The Central Bank of Malta’s annual report confirmed that last year, the Maltese economy recovered at a much stronger rate than that observed for the rest of the euro area. While our country experienced a growth rate of 9.4%, or more than a percentage point higher than the contraction brought about by the pandemic in 2020, in the euro area growth was only 5.3%, or more than a percentage point lower than the decline observed a year earlier.
Thus, whereas by the end of last year the Maltese economy was larger than it had been before the pandemic, the euro area’s GDP is still below pre-COVID levels. The stronger economic recovery in our country had not been predicted, so much so that in previous reports the Central Bank had been expecting that the Maltese economy would recover by June this year.
The Central Bank’s analysis indicates that while a few sectors – including tourism – remain below their 2019 activity level, there are many others where activity is much higher than pre-pandemic levels. So much so that the overall level of investment is 10% greater than it was before the pandemic started.
The overall level of investment is 10% greater than it was before the pandemic started.
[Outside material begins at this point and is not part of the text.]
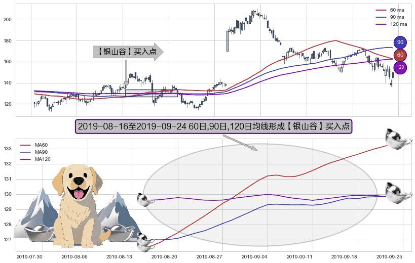 形态多维评估: ⚀ 2019-08-19-日至2019-09-24-日显现 60日-90日-120日均线 【银山谷】买入点 看多信号,后市看涨,买入

According to the Central Bank, more sustained government consumption made up for the fact that external demand has not yet fully recovered. At the same time while private consumption is still lower than it was in 2019, a fact that the Nationalist Party is trying to spin into its usual tales of doom and gloom, much of the decline is because the Maltese are travelling less, to the extent that in 2021, they spent abroad half of what they had previously spent.
The Central Bank’s report notes that the strength of the economic recovery has led to job creation, so much so that the employment rate in our country is now well above the European average. The positive trend in the labour market meant that instead of the projected increase in unemployment that some had forecast when the pandemic struck, unemployment in 2021 instead fell to a historic minimum.
The economic recovery also meant that the Government deficit was much lower than forecast. Even the national debt burden, which was expected to exceed 60% of GDP, has in fact remained well below this level. The improvement in Government finances was not due to a reduction in spending, but rather because government revenue expanded much more sharply than predicted.
As regards prices, the Central Bank of Malta pointed out that both property prices and those of goods and services did not rise significantly on average in 2021. But towards the second half of the year the rate of rising prices began to accelerate.
In fact, Central Bank experts are anticipating that the rate of inflation will continue to rise sharply this year. Despite this, our country’s economy is expected to continue to grow at a rate above the European average. This because domestic demand is forecast to pick up, even as employment is expected to continue to increase at a higher rate than last year’s. The strength of the economic recovery will mean that the government’s financial situation will continue to improve, and the Central Bank’s report maintains that even if one hypothesizes a series of shocks, the national debt will remain sustainable.
As regards the impact of the war in Ukraine, the Bank stated that while this is expected to lead to pressure in international prices, as well as lower growth in external demand, the prospects for the Maltese economy still remain more positive than those in other European countries, as these are more exposed to the effects of this crisis.